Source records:
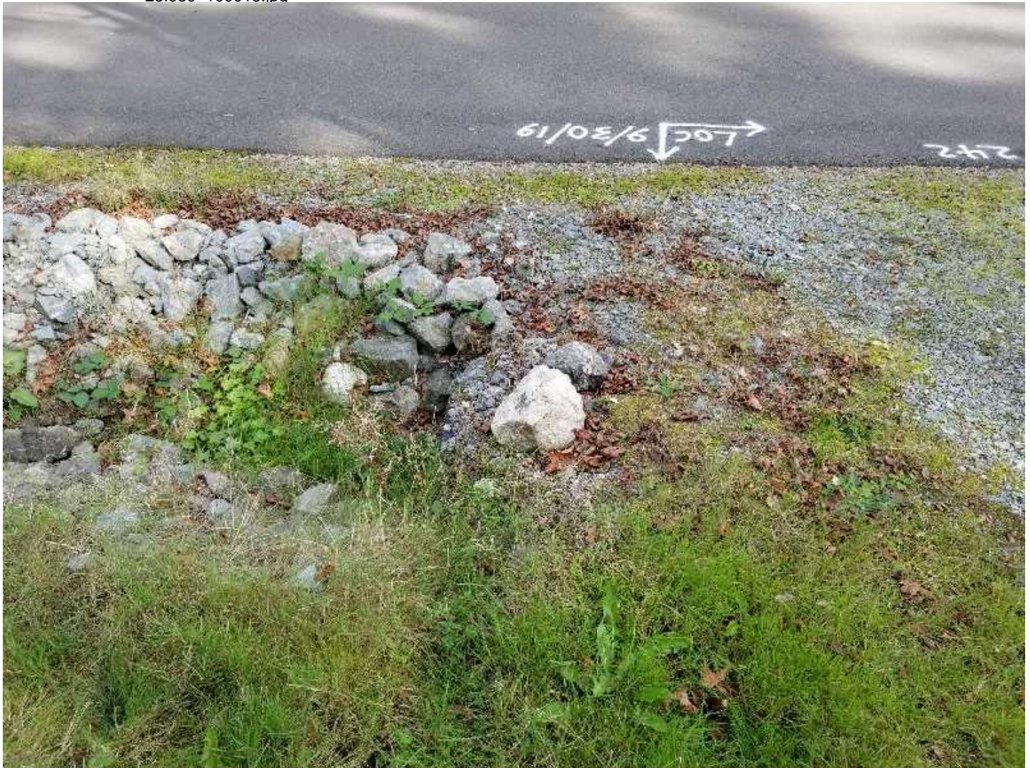
Property of United States Infrastructure Corporation Photo created on 10/02/2019 10:30:39 AM PDT
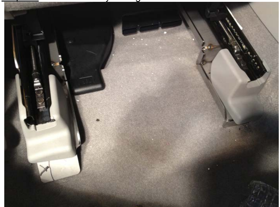
Step 13- Enjoy!

Step 12- Test the seat by sliding the seat back and forth.
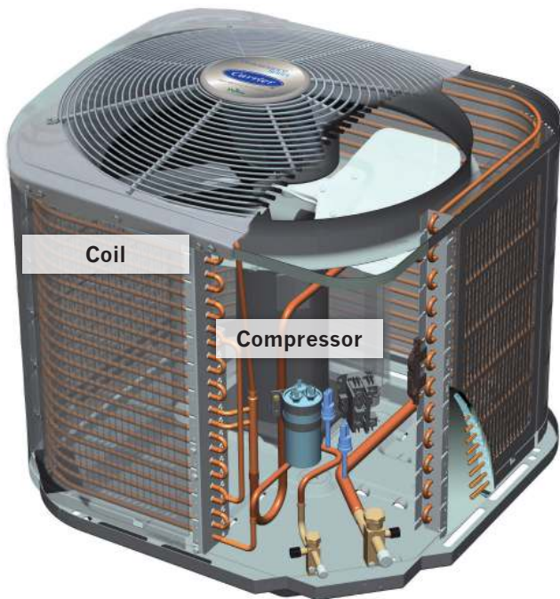
Performance™ 17 Air Conditioner Shown

Wi-Fi® is a registered trademark of the Wi-Fi Alliance Corporation.

REQUIRED ACTION: Leave out every picture, and repeat word for word only the lines from the one holding "Step 12- Test" through the end of the entries above, both ends included.

OUTPUT BELOW:
Step 12- Test the seat by sliding the seat back and forth.
Performance™ 17 Air Conditioner Shown

Wi-Fi® is a registered trademark of the Wi-Fi Alliance Corporation.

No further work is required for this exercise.